ATI - PS3 is Unrefined

pegisys said:
And I think in a ati interview they say microsoft had a big hand in designing the gpu(might have been the article that started this post)

Well of course they had a big hand, they put up all the money and the product was for them.

But as far as the actual engineering and architecting of microprocessors, MS has little to nothing to contribute. The best engineers in these fields do work for hardware companies not software companies.
 
tema said:
Xenos is an unrefined lower-clocked R580 with edram. :D

No, edram does not have only post-rendering gfx functionality, but it is also embedded frame buffer for tile-based-rendering. R580 will not do that (I think). TBR is very BW efficient.

Dave`s article
They found a way to use this Z only pass to assist with tiling the screen to optimise the eDRAM utilisation. During the Z only rendering pass the max extents within the screen space of each object is calculated and saved in order to alleviate the necessity for calculation of the geometry multiple times. Each command is tagged with a header of which screen tile(s) it will affect. After the Z only rendering pass the Hierarchical Z Buffer is fully populated for the entire screen which results in the render order not being an issue. When rendering a particular tile the command fetching processor looks at the header that was applied in the Z only rendering pass to see whether its resultant data will fall into the tile it is currently processing and if so it will queue it, if not it will discard it until the next tile is ready to render. This process is repeated for each tile that requires rendering. Once the first tile has been fully rendered the tile can be resolved (FSAA down-sample) and that tile of the back-buffer data can be written to system RAM; the next tile can begin rendering whilst the first is still being resolved. In essence this process has similarities with tile based deferred rendering, except that it is not deferring for a frame and that the "tile" it is operating on is order of magnitudes larger than most other tilers have utilised before.
 
inefficient said:
Well of course they had a big hand, they put up all the money and the product was for them.
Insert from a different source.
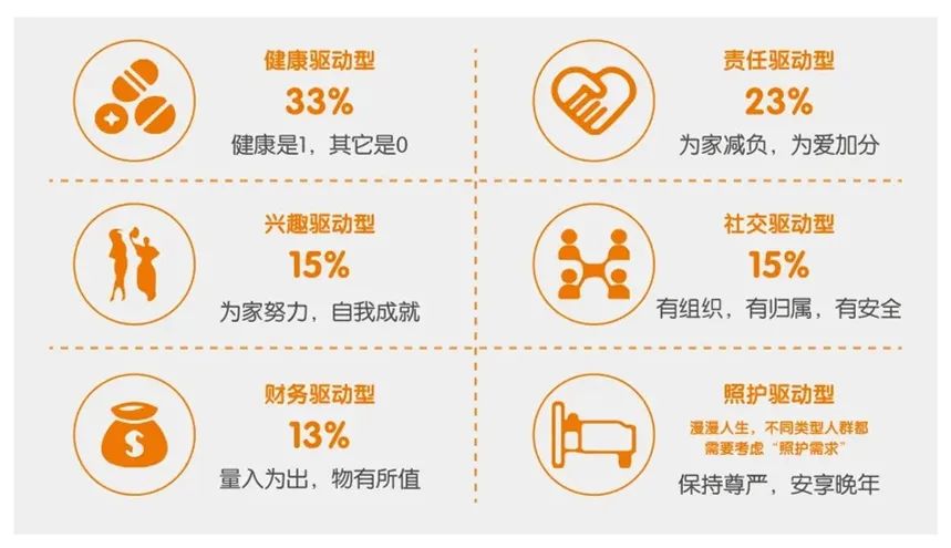 不仅如此,《享⽼指南》调研也发现:长辈对于养⽼的需求“千⼈千⾯” ,不⼀样的人群有着不⼀样的享⽼驱动因素。对此,《享⽼指南》立足国情,结合调研数据,特别定制了中国式银发族“退休规划评估模型”。该模型基于长辈的社交状态、独立能力、健康状况、兴趣爱好、经济能力、家庭责任等要素,总结归纳出了六大养老人群分型:健康驱动型、责任驱动型、兴趣驱动型、社交驱动型、财务驱动型、照护驱动型。其中,健康和责任两大驱动型人群占比达到了56%,成为追求品质养老的主流人群。

But as far as the actual engineering and architecting of microprocessors, MS has little to nothing to contribute. The best engineers in these fields do work for hardware companies not software companies.

Bzzzt. Wrong.

I'll see if I can find you a quote.

Edit - There you go:

Microsoft chip veterans Larry Yang, Jeff Andrews and Nick Baker -- former 3DO hardware engineers who joined Microsoft through the WebTV acquisition -- told IBM exactly what they needed the chip to do. In fact, that's why IBM's top engineer on the project is considered the "chief engineer," while Micrsooft's Jeff Andrews is considered the chief architect.
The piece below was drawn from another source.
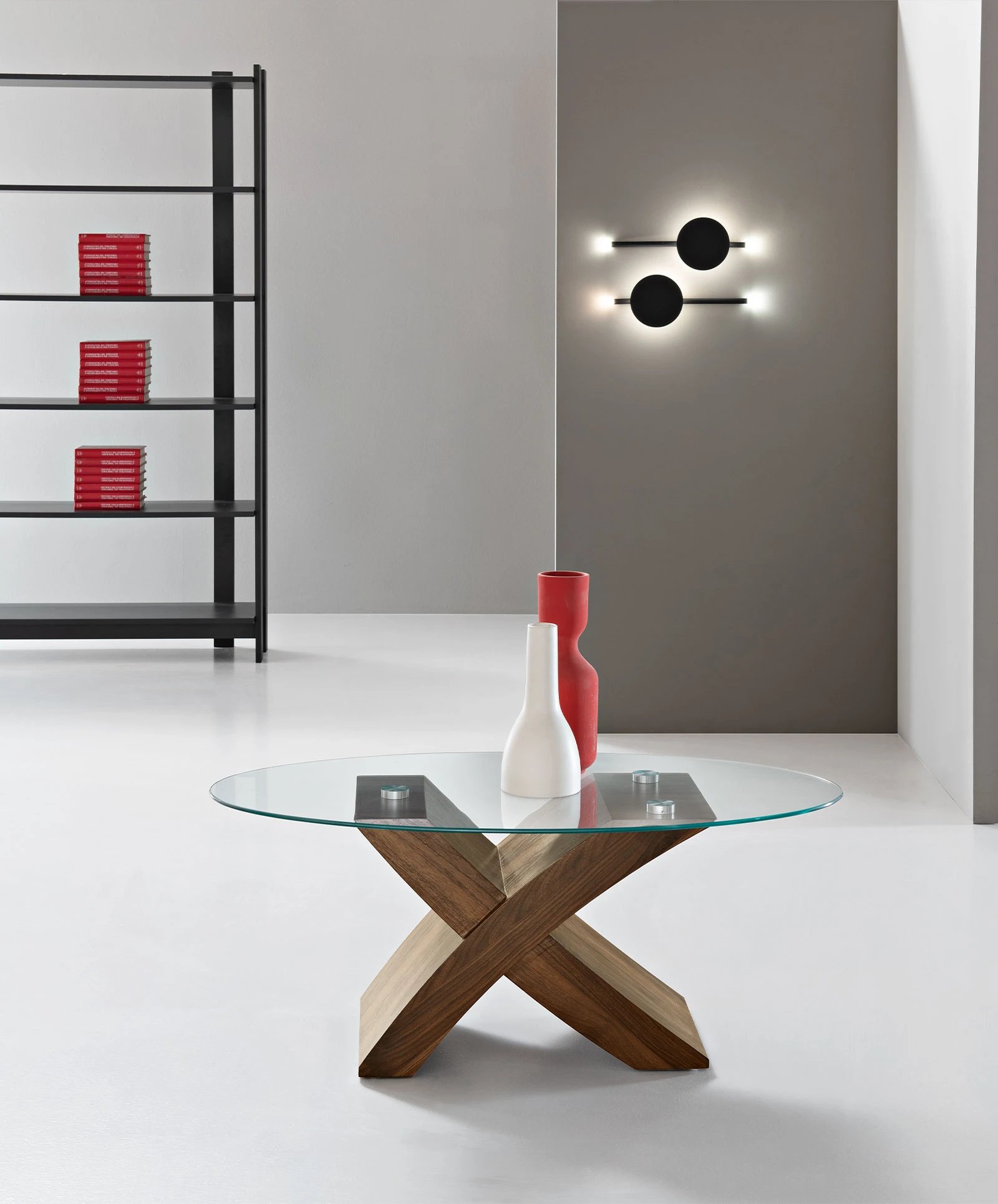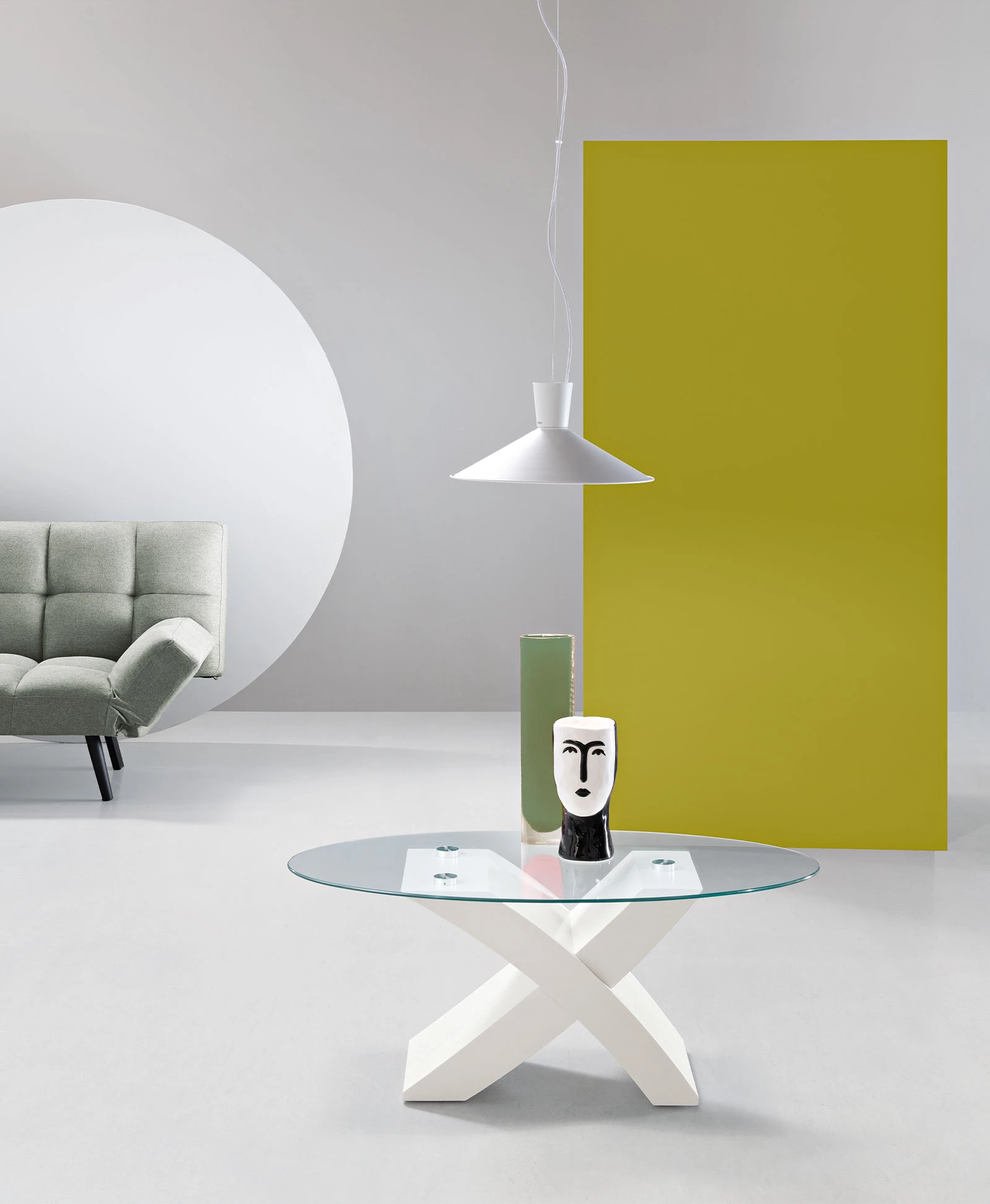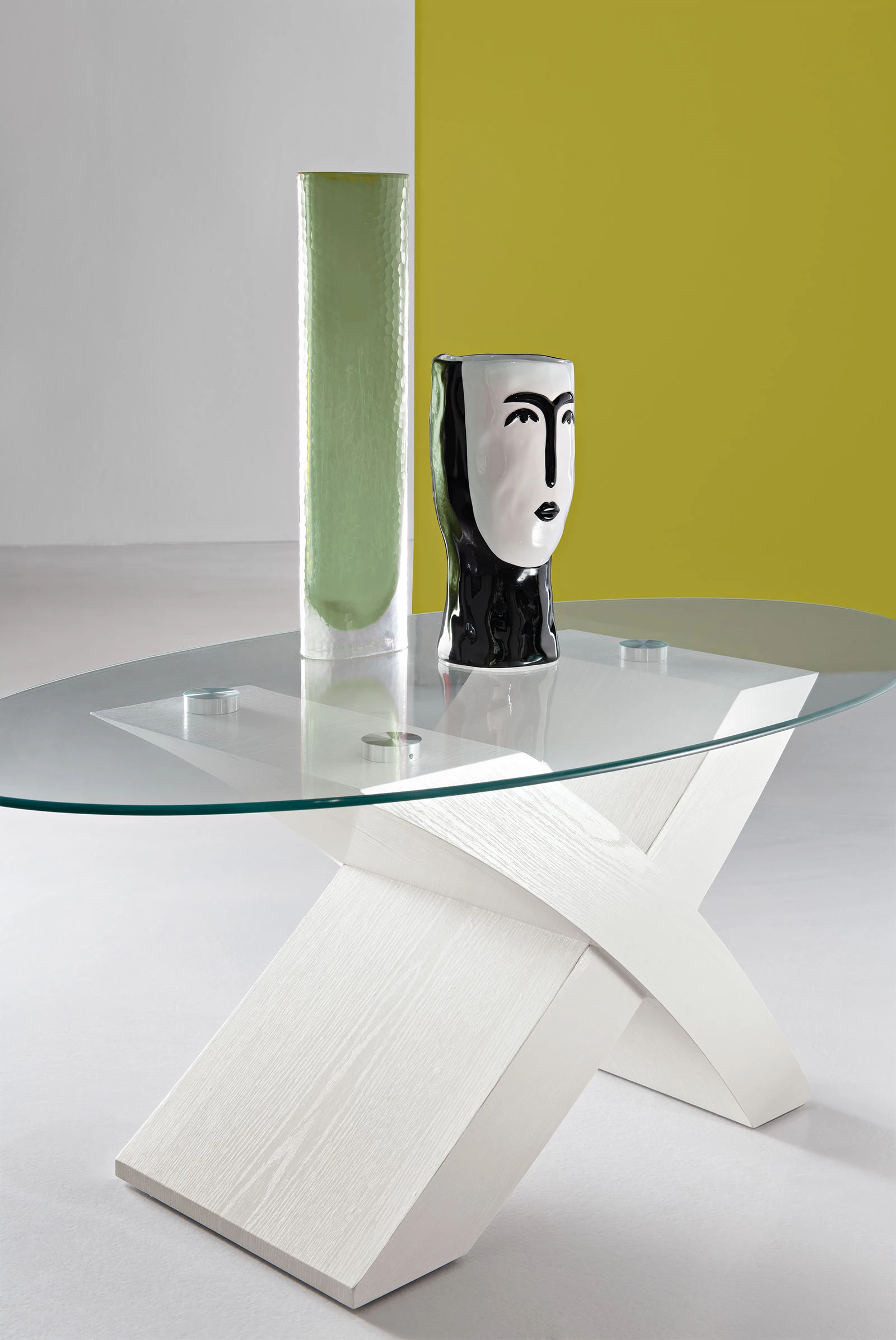 Tavolino ovale con piano in vetro. Disponibile in diversi colori.

"At engineering meetings, it was impossible to tell who were the Microsoft engineers and who were the IBM engineers," Comfort.
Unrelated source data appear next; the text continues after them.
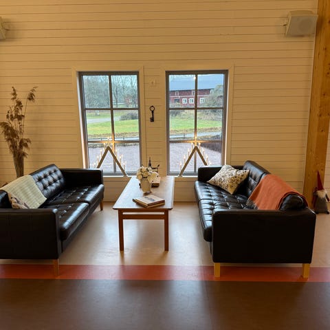 Använts med överdrag då skinnet är något slitet. Två tillhörande fåtöljer kan medfölja. Nypris 23 500 kr.
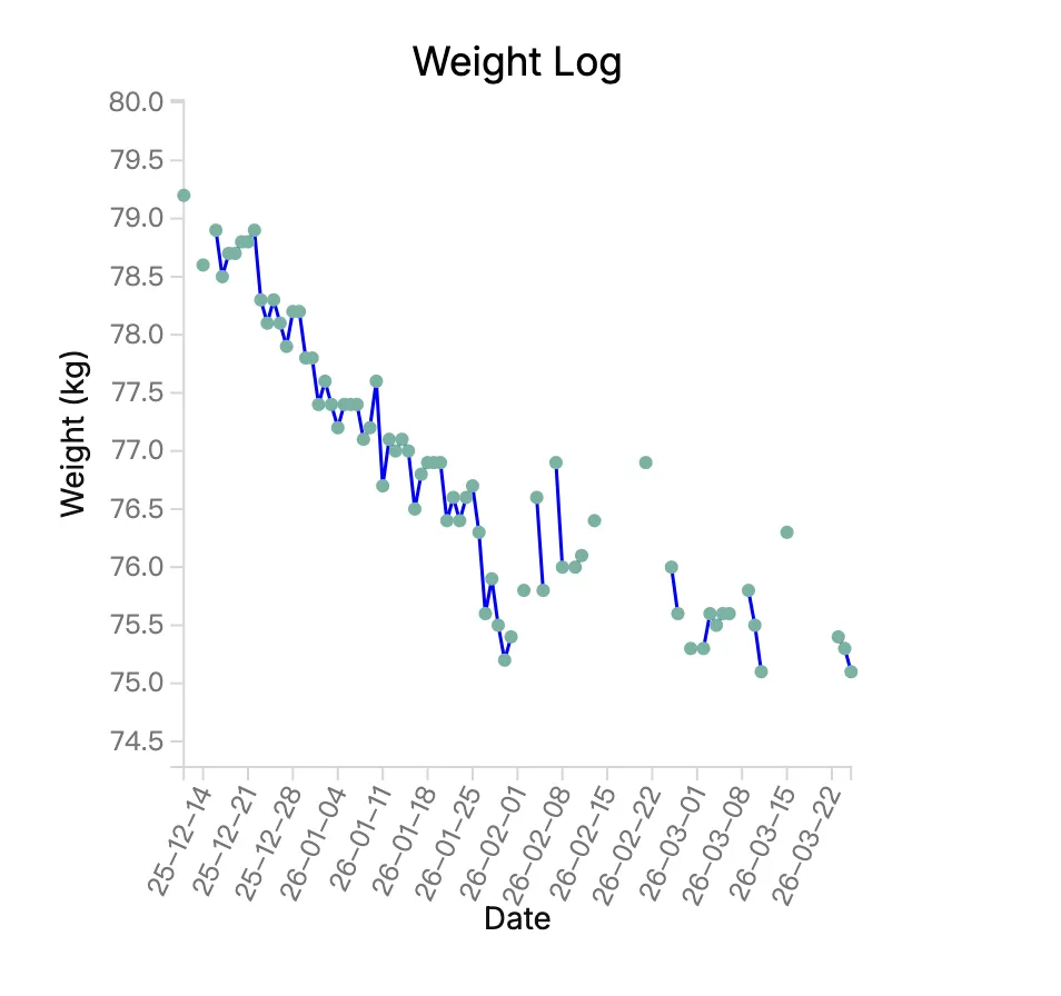 有兴趣可以看文章:《我用 Obsidian 管理健康:只记录这几项健康数据》,当这些数据被画成图表之后,你会发现一件很有意思的事情:很多变化,其实一眼就能看出来。有时候一个简单的折线图,比几十条笔记更有意义。
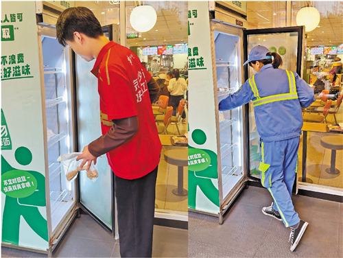 外卖骑手贾先生和环卫工人陈女士分别从冰箱中取走包装完好的余量食物。

http://blogs.mercurynews.com/aei/2005/10/ibm_describes_x.html

More backgrounds here: http://blogs.mercurynews.com/aei/2005/08/a_walk_through_.html
 
Last edited by a moderator:
OK, asked ATI over XMas if the Scalar processor on each of Xenos's ALU's was a duplicate of each of the components of the vector processor, hence whether the FLOPS rating was 216 or 240, and it appears not - in fact, it seems to be more of a special function processor:

ATI Engineering said:
You could claim either are correct depending on what you want to call a FLOP.

It is not as clean (i.e. the scalar engine cannot do a MUL-ADD) which would give us a straightforward 240 GFlops.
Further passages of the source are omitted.